What's more strange is, when using egl-headless, the remote-viewer (which uses spice) works fine.

coxuintel commented 4 years ago

Have you tried to re-compile QEMU with latest spice stack? Most segfaults from app result from a mis-matched library.

cristatus commented 4 years ago

On Arch Linux, most of the time QEMU and spice are the latest releases only.

My current QEMU, spice and virt-viewer versions are:

coxuintel commented 4 years ago

Yes Arch is rolling release distro. Btw, if you keep all QEMU parameters but replace gvt-g to -vga qxl, will QEMU still crash?

cristatus commented 3 years ago

Yes Arch is rolling release distro. Btw, if you keep all QEMU parameters but replace gvt-g to -vga qxl, will QEMU still crash?

No. Issue happens with gvt-g only and that too with the virt-viewer (-display spice-app,gl=on). Works fine with -display gtk,gl=on.

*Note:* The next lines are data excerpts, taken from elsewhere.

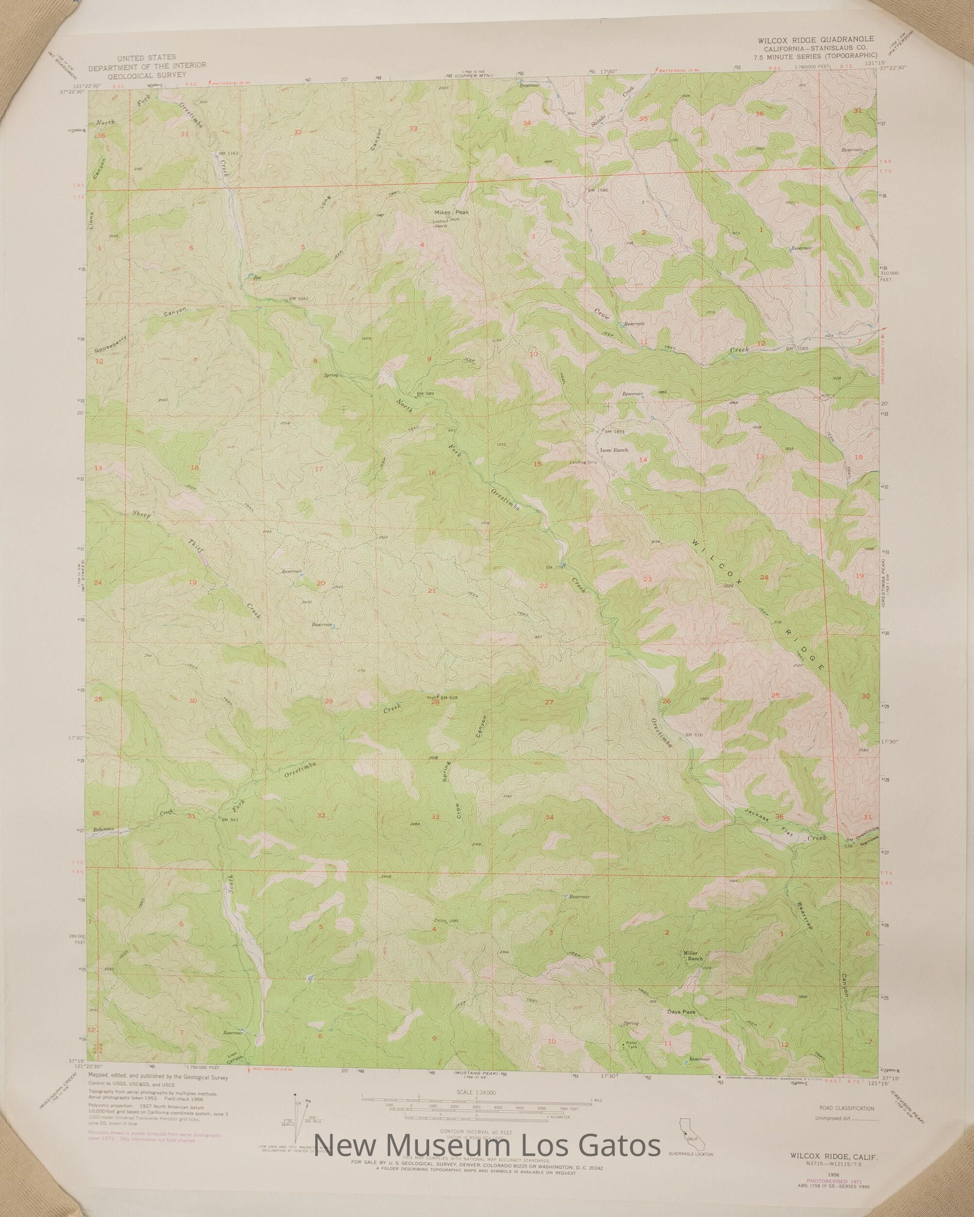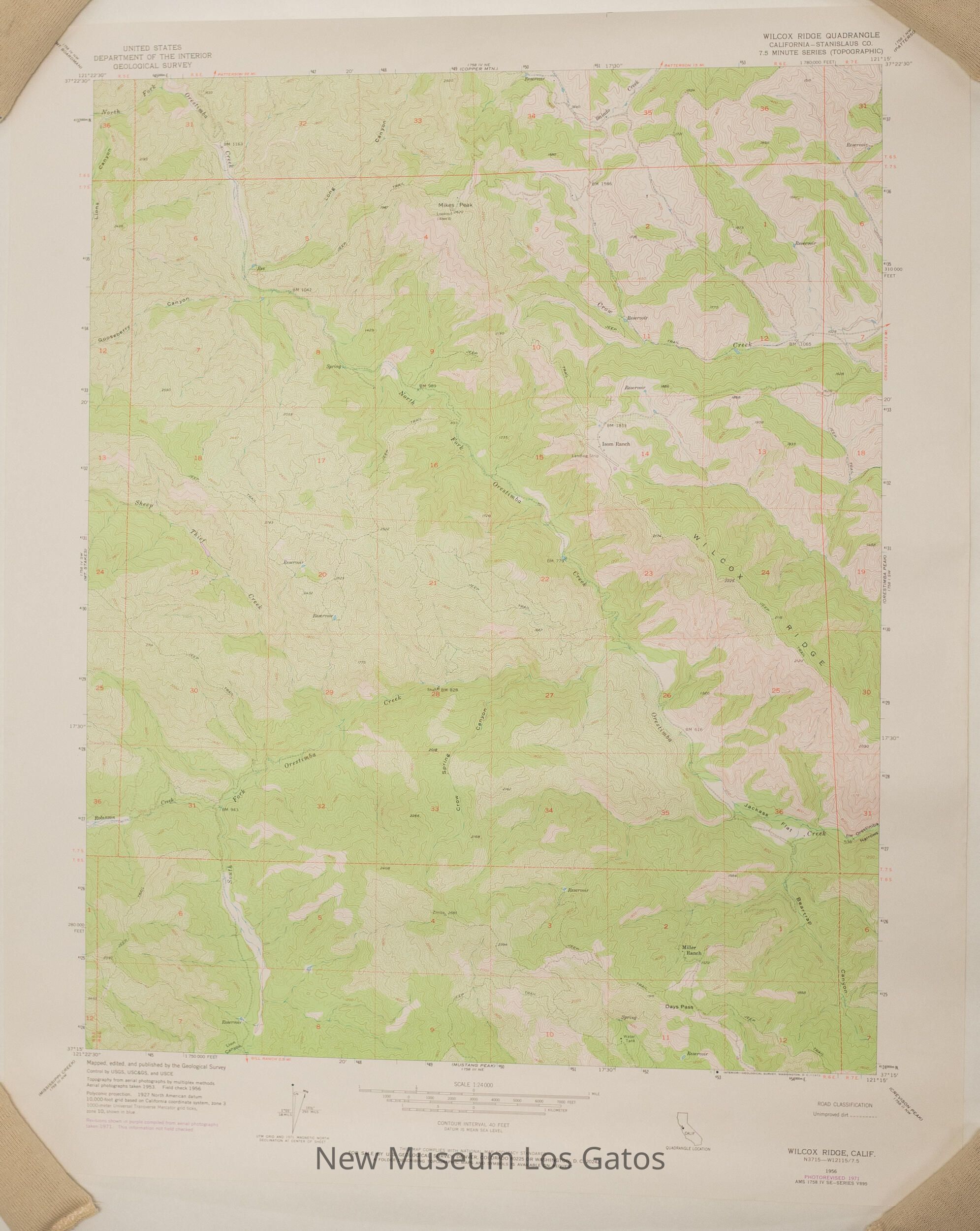 Two identical copies of a topographic, color map of the Wilcox Ridge quadrangle in Stanislaus County, California.Collection
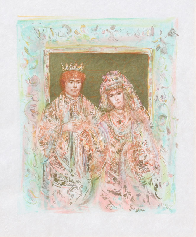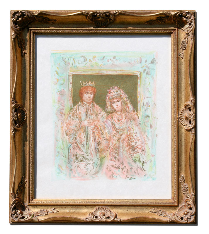 HIBEL, Edna, (American, 1917-): King and Queen, Wedding of David and Bathsheba, Lithograph, sight size 23 1/2'' x 19 1/2'', pencil signed, numbered 170/385, pierced carved and gilded wood frame, 31'' x 26''.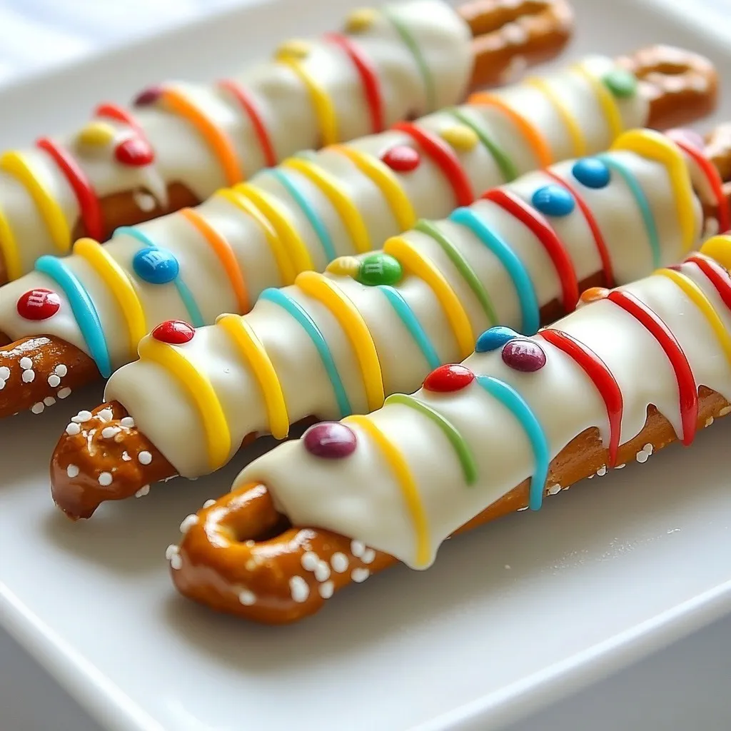 1. Festive Presentation: These pretzel rods are not only delicious but also beautifully colorful, making them a perfect addition to any holiday spread.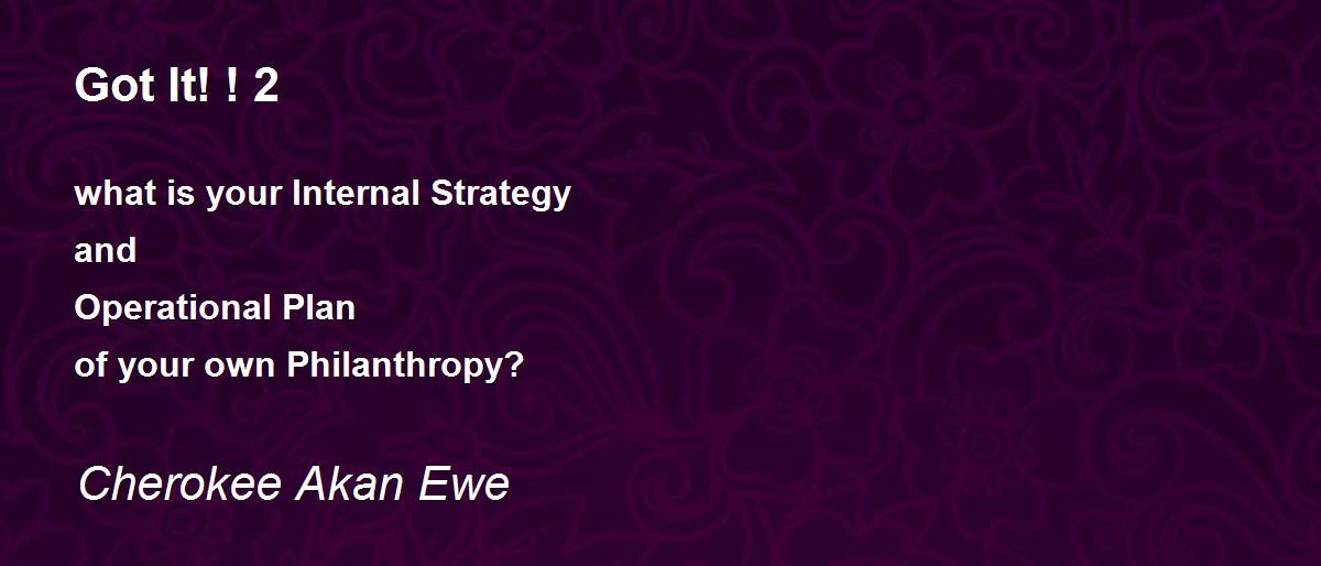 what is your Internal Strategy and Operational Plan of your own Philanthropy?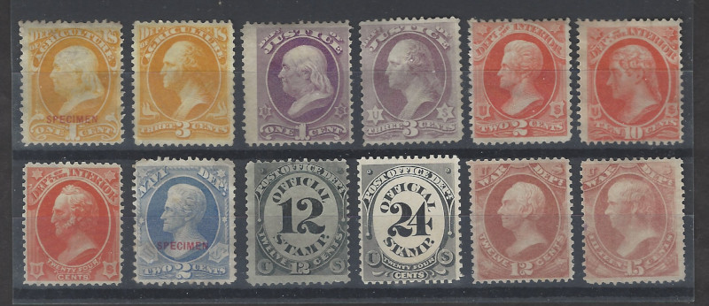 O3 // O90, O1S, O36S, 12 Diff. Stamps, 1873-75 Issues, Unused, No Gum, Two are Specimens, Generally Sound Cond., F-VF, SCV is $902.50 (for No Gum) (Image)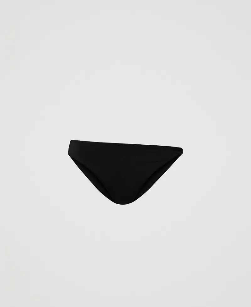 Solid colour asymmetrical bikini briefs with Oval T on the side. Lined.

Strange thing is that, if I use egl-headless with spice (-display egl-headless,rendernode=/dev/dri/by-path/pci-0000:00:02.0-render), virt-viewer is working fine (but performance is poor).

BTW, I just tried compiling QEMU from git master and I am seeing the same issue.